The Professoriate Is Increasingly Diverse, but That Didn't Happen by Accident

By BEN GOSE
From the issue dated September 28, 2007

Fifteen years ago, H. Rika Houston was on track to earn an M.B.A. from California State University at Long Beach and was preparing to look for a new job in the corporate world. But one of her professors set her on a different course when he called her into his office and told her: "I think you're doctorate material."
David A. Horne, a professor of marketing, agreed to "sponsor" Ms. Houston, who is Afro-Asian, in a Cal State program that repays up to $30,000 in graduate-school loans for Ph.D. seekers if they teach at a Cal State campus after earning their doctorate. Nearly 70 percent of the participants in the systemwide program are minority scholars.
Through that program, Cal State at Los Angeles has hired 32 faculty members over nearly 20 years, including Ms. Houston, an associate professor of marketing who joined the faculty after earning a Ph.D. at the University of California at Irvine. (The Cal State system itself has few doctorate-level programs.) Those hires, and other efforts to recruit minority professors, have helped Cal State at Los Angeles assemble one of the most diverse faculties in the country. As of the fall of 2005, the latest year for which national data are available, nearly 40 percent of its full-time professors were from racial and ethnic minority groups.
Ms. Houston is one of the faces behind national statistics that show that the professoriate is becoming more and more diverse.
"I can't say enough about the loan-forgiveness program," says Ms. Houston, who says she could not have otherwise afforded graduate school. "I'm looking forward to a time when I can sponsor someone."

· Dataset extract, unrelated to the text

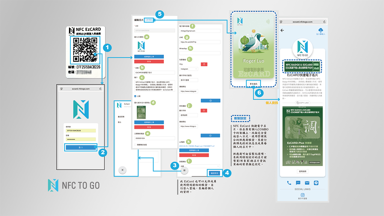 你必須取得由 NFCTOGO 派發的帳號與密碼,先依指示掃描登入QR碼,前往$ 登錄$ 頁面。然後輸入帳號名稱與密碼,然後按 確認送出 ,即可進入此卡的編輯頁面 下圖2,在首頁左側邊欄 下圖3 有2個功能選項,依序為: 重設密碼 、 登出。
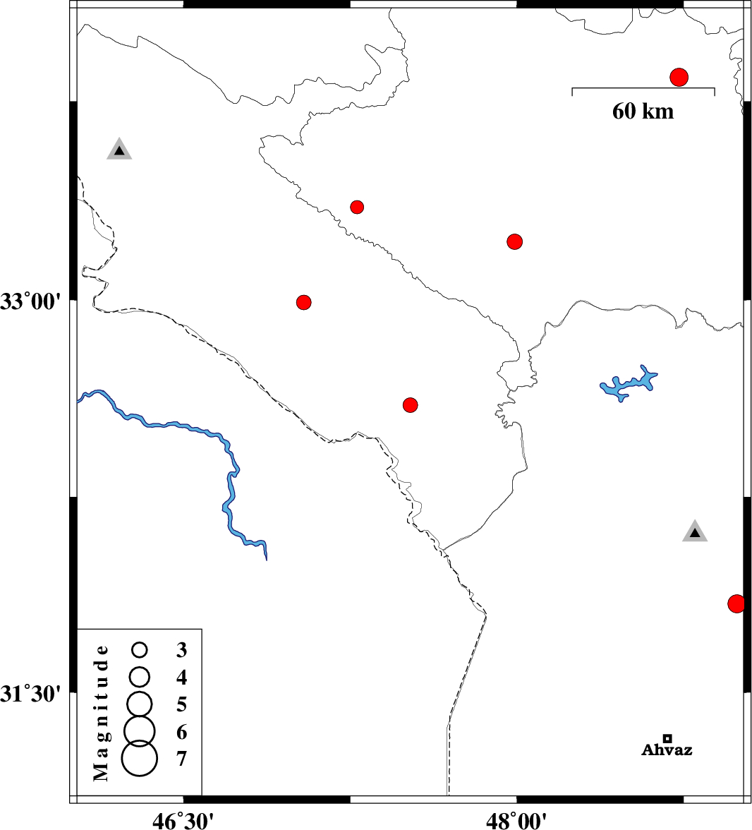 | 2011/08/18 | 11:17:09.6 | 15:47:09.6 | 32.6 | 47.52 | 14 | ML2.9 | Ilam Province, 27 km East of Dehloran | ||

In 2005, 109,964 U.S. minority scholars held full-time faculty positions at American colleges and universities, up from 69,505 in 1995, according to the Education Department — a 58-percent increase. The proportion of minority scholars in the overall professoriate also rose, but not as much. The department found that 16.5 percent of scholars were from minority groups in 2005, up from 12.7 percent in 1995. The increase in the proportion of U.S. minority scholars lagged well behind the increase in raw numbers because the number of white and nonresident-alien scholars also rose during the decade. The department includes both U.S. citizens and resident aliens (noncitizens who are permanent residents) in its racial categories, but lists nonresident aliens separately.

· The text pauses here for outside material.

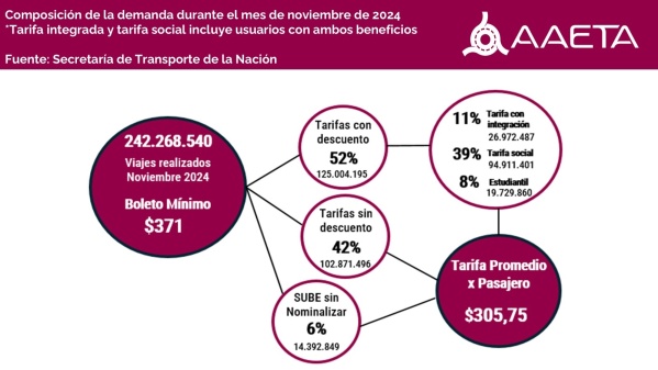Puntualmente, se trata del 52% de los viajes total. Un 11% es por tarifa con integración, un 39% por tarifa social y el 8% corresponde al boleto estudiantil.

Hispanics and Asians experienced the greatest percentage growth: Some 22,818 Hispanics and 48,457 Asians held full-time faculty positions in 2005, both up at least 75 percent from 1995. The growth over that decade for American Indians and black scholars was slightly lower: Some 35,458 black scholars had full-time positions in 2005 (up by nearly a third from 1995), as did 3,231 American Indians (a 50-percent increase).

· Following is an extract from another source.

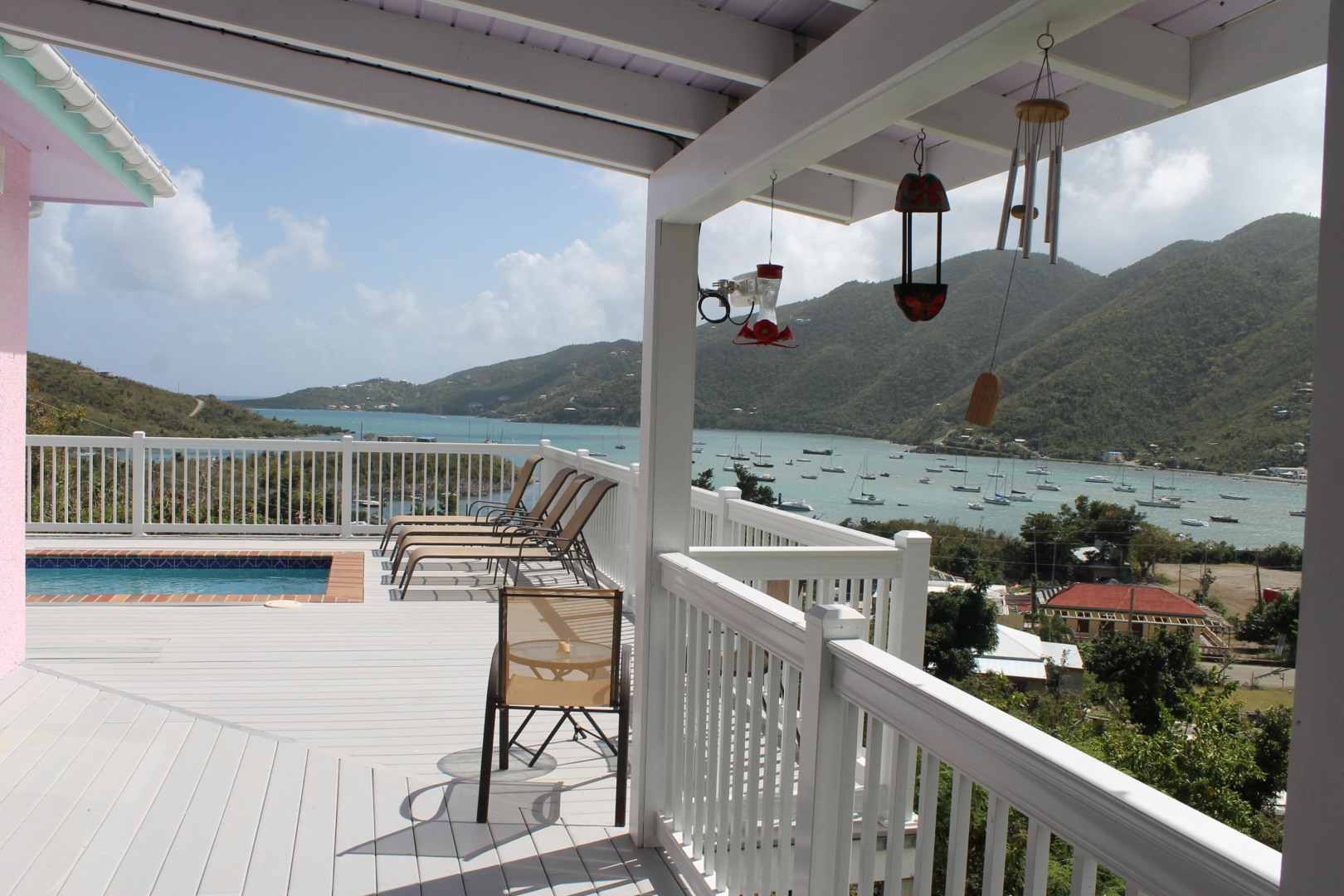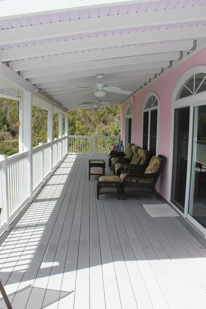 Villa Jumbie' is an immaculately maintained 2 Bed, 2.5 Bath custom-built home overlooking Coral Bay. This home enjoys a very private location with vacant adjoining lots and unrestricted views Coral Bay, the Bordeaux Valley and of the boats moored in Coral Harbor. This beautifully furnished home is fully air conditioned with individually controlled split systems and TV connected to Dish Network in the bedrooms and Great Room. The large, covered veranda deck is tastefully furnished and adjoins the open sun deck featuring a powder room bath, BBQ grill and storage closet all of which surrounds the 8' x 16' 'salt water' pool. The gourmet kitchen features granite counters and a convenient center island breakfast bar together with stainless steel appliances. Energy efficiency is optimized by the

Proponents of greater faculty diversity say they are pleased to see those increases, especially during a decade filled with numerous challenges to affirmative action. But some experts on faculty diversity thought the numbers would increase even more, given the expectation that faculty members hired in the 1950s and 1960s — the vast majority of whom were white men — would begin retiring and make way for a more-diverse group.